Update: The US FDA errs far too much on side of avoiding approval of a bad drug and as a consequence it blocks development of good drugs.

Share |      Randall Parker, 2015 August 17 10:21 PM 


Comments
bob sykes said at August 18, 2015 5:31 AM:

The big advances in health were made in the 19th Century, and those were specifically improvements in public sanitation (sewerage and treated water supply, especially chlorination ca WW I), greatly improved agricultural productivity (virtually all famines in the last 150 years, including the Irish famine, were political choices) and greatly improved transportation. The latter allowed fresh food deliveries year round. Within the 20th Century, the biggest improvement was refrigeration, which allowed food storage and long range transport, and food production regulations that eliminated food contamination.

The chief contribution of medicine was antibiotics. Prior to WW II doctors essentially provided first aid, and hospitals were death traps. Even today, doctor error in hospitals kills about 90,000 people a year.

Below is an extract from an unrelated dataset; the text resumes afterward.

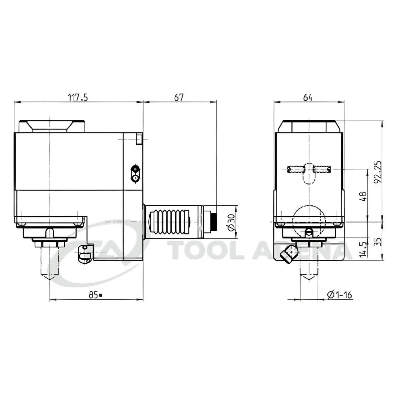 9.501.264 Блок приводной, угловой, хвостовик VDI 30 (DIN 5480), укороченный цанговый патрон ER25A, PRECI-FLEX, правосторонний, внешняя подача СОЖ, EPPINGER

This is 50% higher than the number of deaths due to auto accidents and gun shots. Many of the medical deaths can be attributed to simple sanitary technique failures--people, wash your hands.

It is not surprising basic research provides so little benefit; it's not supposed to. The biggest problems with applied medical research are incompetent and corrupt researchers. The bulk of medical research is unreproducilble, and the published data often does not support the claims being made because of bad experimental desigh and incompetent statistical analysis.

Nick G said at August 18, 2015 9:26 AM:

Randall, you heretic! You want to actually cure disease and reduce suffering. Don't you realize that's not the purpose of drug research??

New drugs are produced by drug companies. Drug companies don't want to increase the rate of innovation: they want the minumum level of innovation that will fill their new product pipeline. Any greater level of innovation would produce benefits for consumers, but not for drug companies, and would potentially shutoff the pipeline eventually.

Drug companies (and doctors in general) don't want to cure anything at all: they want to convert acute illness into chronic illness, treated by expensive daily drug regimens.

Parker Bohn said at August 26, 2015 1:34 PM:

This is the case with science in general: its getting cumulatively more difficult to produce meaningful advances.

Luckily, we've greatly expanded the number of scientists and researchers --- there are millions and millions of them worldwide (how many scientists of any kind were there in the year 1000 AD?).

Even in fields like pure mathematics it takes more and more effort to accomplish anything. Compare early proofs such as the infinity of prime numbers, or the Pythagorean Theorem, to the 4-color map proof, which is so long and complicated that it takes a computer to verify.

Merovign said at August 26, 2015 3:46 PM:

My conclusion, after trying to deal with a large number of trials over the last several years as a potential recipient of therapy, is that the goal of most research is not treatment, it is more research.

Even if the results of the trial are significantly positive, they are primarily used to justify more grants and funding rather than conversion to therapy. That's why effectively the same trial is done over and over and over again.

Most of what I've been following has been in cardiology, but also metabolic and stem cell research in general seem to follow this pattern pretty closely.

Nick G said at September 3, 2015 1:08 PM:

Merovign,

I think you're talking about essentially the same problem that I was discussing, which can be generally called "careerism". This is a problem in many areas. For instance, penal systems don't want to eliminate recividism, because that would cost jobs. They'll never, ever admit it, but it's the truth.

Medical researchers don't want to produce anything at all, but especially not a definitive result that will close off their research.